On the time of writing, the dataset model we’re utilizing incorporates 2225 cases, that’s, paperwork containing information articles.

Since we’ll prepare some supervised machine studying fashions for classification in a while, earlier than acquiring the three representations for our textual content information, we separate the enter texts from their labels and cut up the entire dataset into coaching and check subsets:

print(“n” + “=”*70) print(“DATA PREPARATION PRIOR TO GENERATING TEXT REPRESENTATIONS”) print(“=”*70) texts = df[‘text’].tolist() labels = df[‘category’].tolist() # Encoding labels for classification le = LabelEncoder() y = le.fit_transform(labels) # Splitting information (identical cut up for all illustration strategies and ML fashions skilled later) X_text_train, X_text_test, y_train, y_test = train_test_split( texts, y, test_size=0.2, random_state=42, stratify=y ) print(f”nTrain set: {len(X_text_train)} | Check set: {len(X_text_test)}”)

print(“n” + “=”*70)

print(“DATA PREPARATION PRIOR TO GENERATING TEXT REPRESENTATIONS”)

print(“=”*70)

texts = df[‘text’].tolist()

labels = df[‘category’].tolist()

# Encoding labels for classification

le = LabelEncoder()

y = le.fit_transform(labels)

# Splitting information (identical cut up for all illustration strategies and ML fashions skilled later)

X_text_train, X_text_test, y_train, y_test = train_test_split(

texts, y, test_size=0.2, random_state=42, stratify=y

)

print(f“nTrain set: {len(X_text_train)} | Check set: {len(X_text_test)}”)

Illustration 1: Bag-of-Phrases (BoW)

print(“n[1] Bag-of-Phrases…”) begin = time() # The CountVectorizer class is used to use BoW bow_vectorizer = CountVectorizer( max_features=5000, min_df=2, stop_words=”english” ) X_bow_train = bow_vectorizer.fit_transform(X_text_train) X_bow_test = bow_vectorizer.remodel(X_text_test) bow_time = time() – begin print(f” Completed in {bow_time:.2f}s”) print(f” Form: {X_bow_train.form} (paperwork × vocabulary)”) print(f” Sparsity: {(1 – X_bow_train.nnz / (X_bow_train.form[0] * X_bow_train.form[1])) * 100:.1f}%”) print(f” Reminiscence: {X_bow_train.information.nbytes / 1024:.1f} KB”)
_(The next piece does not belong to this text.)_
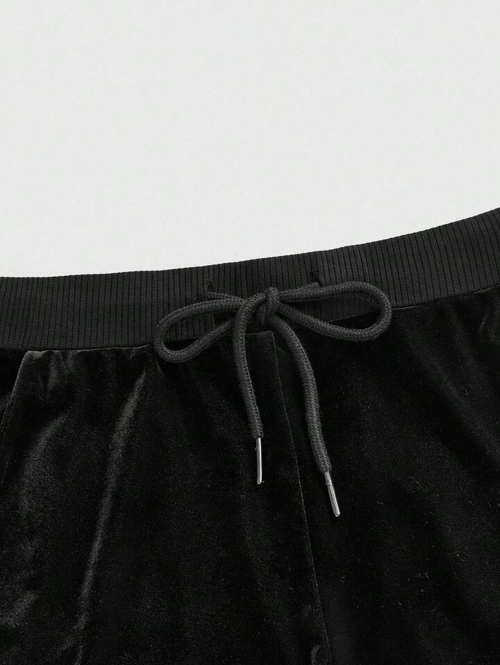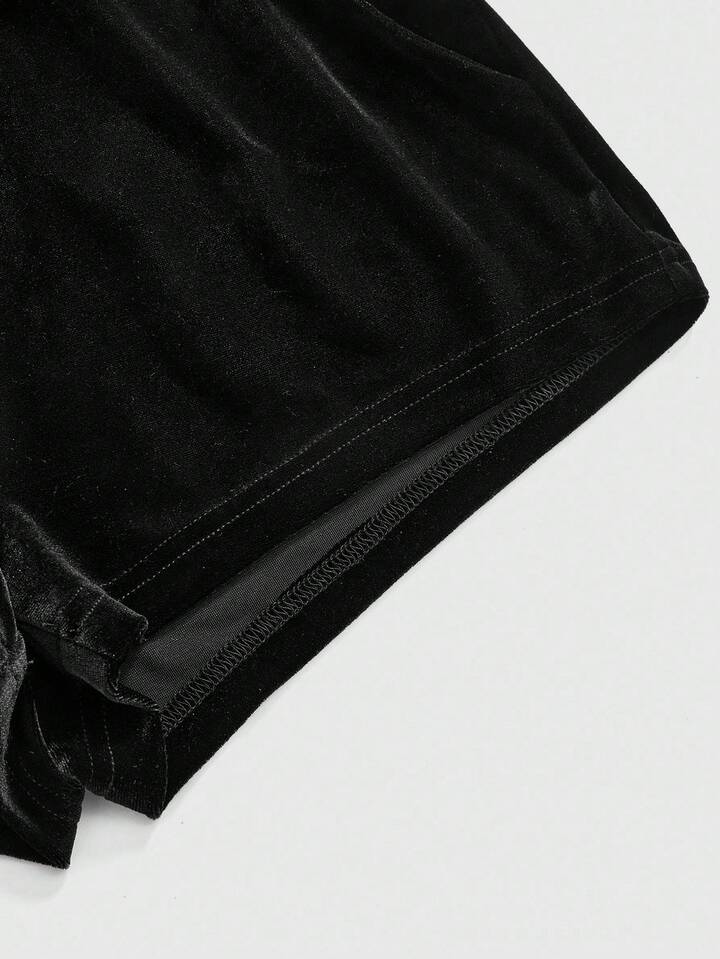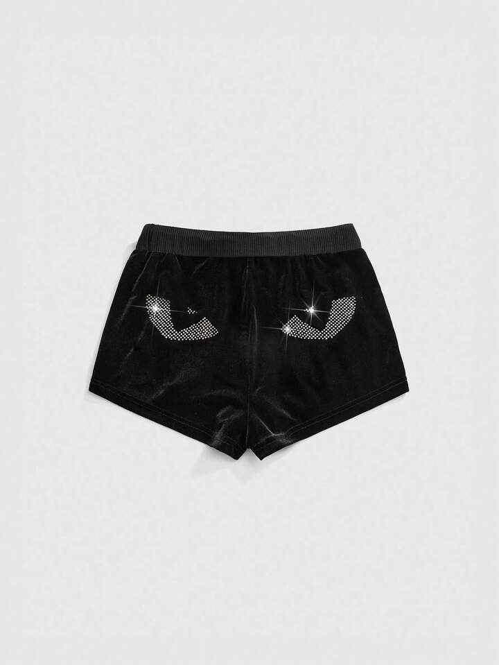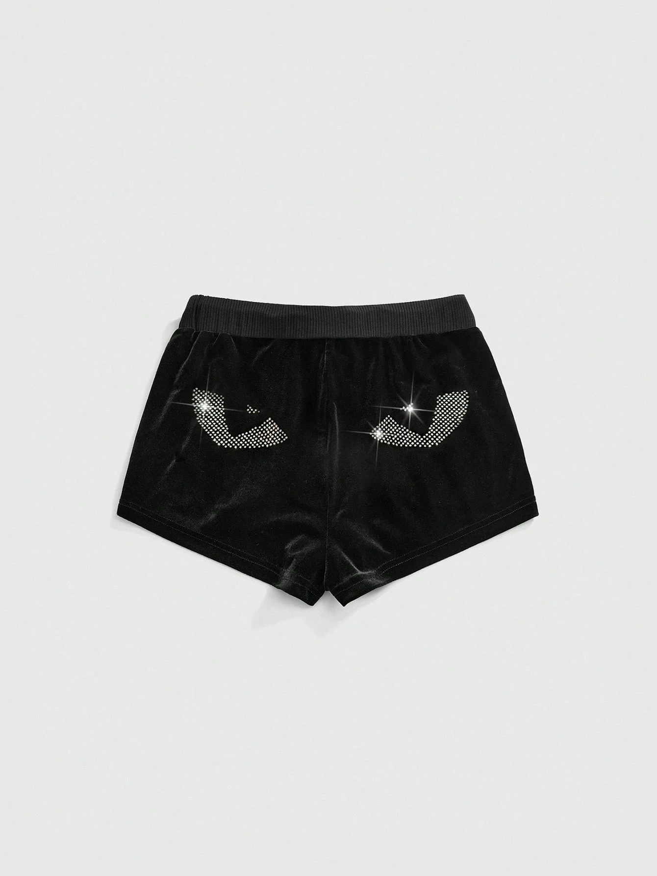 Goth Shorts negros de terciopelo con lazo, con expresión de personaje de gato sexy y lindo, con strass y lentejuelas para mujeres

print(“n[1] Bag-of-Phrases…”)

begin = time()

# The CountVectorizer class is used to use BoW

bow_vectorizer = CountVectorizer(

max_features=5000,

min_df=2,

stop_words=‘english’

)

X_bow_train = bow_vectorizer.fit_transform(X_text_train)

X_bow_test = bow_vectorizer.remodel(X_text_test)

bow_time = time() – begin

print(f” Completed in {bow_time:.2f}s”)

print(f” Form: {X_bow_train.form} (paperwork × vocabulary)”)

print(f” Sparsity: {(1 – X_bow_train.nnz / (X_bow_train.form[0] * X_bow_train.form[1])) * 100:.1f}%”)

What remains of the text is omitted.